Question 2: Alternative pseudo-randomness implies pseudo-randomness

The ubiquitous wrong answer

Suppose $D$ is a distinguisher and $c$ is a constant such that for infinitely many $n$ \begin{equation} \label{eq:D_pr} |p_D(n) - r_D(n)| > 1/n^c \end{equation} The following relationship between $q_D$,$p_D$ and $r_D$ is easily established: \begin{equation} \label{eq:relating_q_p_r} q_D(n) = \frac{1}{2} + \frac{1}{2}(p_D - r_D) \end{equation} Substituting in the lowerbound on $p_D - r_D$ from \eqref{eq:D_pr}, we get that \begin{equation} \label{eq:D_apr} q_D(n) = \frac{1}{2} + \frac{1}{2n^c} \end{equation} which, for $c' = c+1$ shows that $D$ is not alternatively pseudo-random for the same family of $n$.

The glaring error

If $|a - b| > c$ it does not follow that $a - b > c$.

The issue and two correct solutions

What is at issue? Whether $D$ outputs $1$ more often on a pseudorandomly generated string than a randomly generated string may depend on the input length.

Solution 1 (non-uniform setting)

If we fix $n$ we may assume without loss of generality that $p_D(n) > r_D(n)$ (were this not the case, we could replace $D_n$ with the $D_n'(x) = 1 - D_n(x)$).

Many students asserted we could assume that $p_D(n) > r_D(n)$ without fixing $n$. Without reference to $n$, this is an assertion that $\forall n p_D(n) > r_D(n)$. This is incorrect: it is a logical possibility that whether $p_D(n) > r_D(n)$ may vary with on $n$.

It is only legal to fix the input length (thereby defining our distinguisher in a manner that depends upon it) if we are working in the non-uniform setting.
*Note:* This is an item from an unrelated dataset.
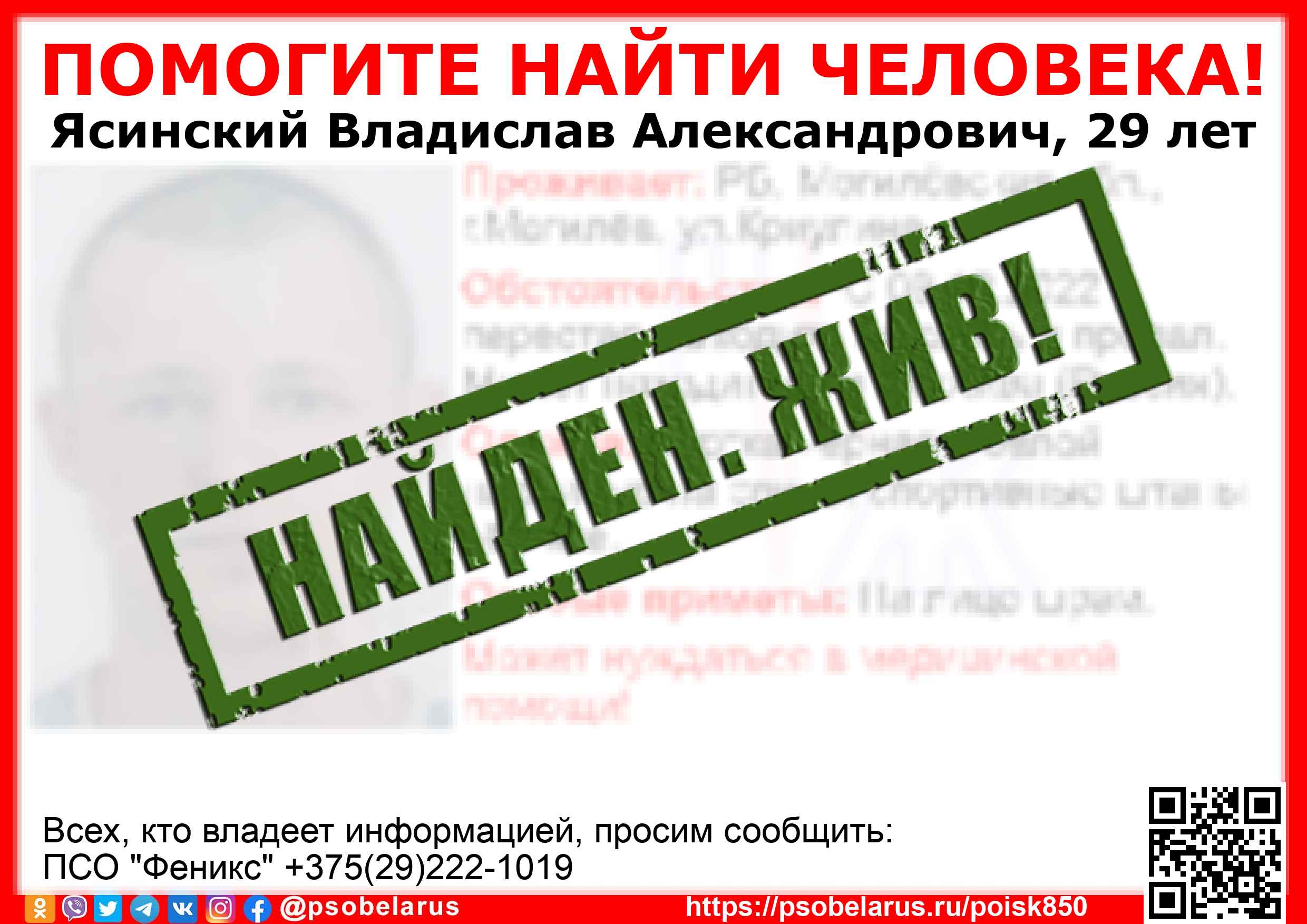 Всех, кто владеет информацией, просим сообщить: ПСО "Феникс" +375(29)222-1019 |

Describing your distinguisher as a single algorithm and in manner uniform in the input length (i.e. without reference to it) you are working in the uniform setting.

Solution 2 (uniform setting)

This proposition in question still holds if we restrict ourselves to uniform distinguishers. It is not true the $D$ that breaks the pseudorandomness of $G$ also breaks $G$'s alternative pseudorandomness, however we can define a slightly more complicated $D'$ that does the job. $D'$ on input $\alpha$ where $|\alpha|$ will first guess whether $p_D(n) > r_D(n)$ and then either output $D(\alpha)$ or $1 - D(\alpha)$.

How do we guess if $p_D(n) > r_D(n)$? One can estimate $p_D(n)$ by running $D$ on samples from $G(U_n)$ (likewise for $r_D(n)$). If the estimates $\widehat{p_D(n)}$ and $\widehat{r_D(n)}$ are sufficiently precise enough of the time, then whether $\widehat{p_D(n)} > \widehat{r_D(n)}$ can be used as a proxy for $p_D(n) > r_D(n)$. The chernoff bound can be used to determine the number of trials needed to obtain sufficient precision and confidence of the aforementioned estimators.